ALF clearly states that it makes "no apologies for its own conservative point of view".
"It (ALF) has assigned to itself the task helping the laity to know the mind of Christ as they struggle with this fateful decision," reads a statement.
Controversy had heightened when The Episcopal Church consecrated its first openly gay bishop in 2003. After years of warnings not to consecrate another openly gay bishop or bless same-sex unions and efforts to keep the worldwide Anglican Communion together, many predict the global body is now on the brink of schism with little hope left for unity.
This month, the Common Cause Partners' meeting will come on the heels of a meeting between The Episcopal Church's House of Bishops and Anglican Communion's spiritual head, Archbishop of Canterbury Dr Rowan Williams.
US Episcopal head Katharine Jefferts Schori had urged a meeting with Dr Williams "to hear directly from us about our concern for all members of this church, those we agree with theologically and those with whom we disagree, gay and lesbian members of our church and those who find it difficult to countenance blessing unions or ordaining gay and lesbian people".
Confirming his acceptance in April of the invitation by Episcopal bishops, Dr Williams said, "These are difficult days because I think the [worldwide Anglican] Communion in recent years has had to face the fact that the division on certain subjects, especially human sexuality, has been getting much more deep and bitter and threatens to divide us.

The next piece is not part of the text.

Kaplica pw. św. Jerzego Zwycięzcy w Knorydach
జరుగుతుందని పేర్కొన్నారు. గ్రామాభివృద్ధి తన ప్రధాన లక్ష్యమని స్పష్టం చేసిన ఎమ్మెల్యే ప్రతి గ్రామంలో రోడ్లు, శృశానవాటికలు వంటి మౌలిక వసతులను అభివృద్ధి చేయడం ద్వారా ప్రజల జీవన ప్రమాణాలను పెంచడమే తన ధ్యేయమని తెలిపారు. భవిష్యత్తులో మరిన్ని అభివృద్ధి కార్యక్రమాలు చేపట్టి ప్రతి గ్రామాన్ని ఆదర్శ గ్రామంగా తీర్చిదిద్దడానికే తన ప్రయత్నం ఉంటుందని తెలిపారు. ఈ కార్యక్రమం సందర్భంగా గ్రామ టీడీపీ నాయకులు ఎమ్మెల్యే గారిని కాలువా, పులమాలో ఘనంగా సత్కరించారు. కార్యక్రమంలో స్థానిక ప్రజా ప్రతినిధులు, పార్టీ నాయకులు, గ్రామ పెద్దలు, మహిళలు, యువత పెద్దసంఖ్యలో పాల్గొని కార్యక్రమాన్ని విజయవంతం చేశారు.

"My aim is to try and keep people around the table as long as possible on this, to understand one another, and to encourage local churches on this side of the Atlantic and elsewhere to ask what they might need to do to keep in that conversation, to keep around the table," he added.
As an association of churches in full communion with the Church of England, the Anglican Communion is currently the third largest church body in the world, after the Roman Catholic Church and the Eastern Orthodox Churches. It considers itself as being both Catholic and Reformed.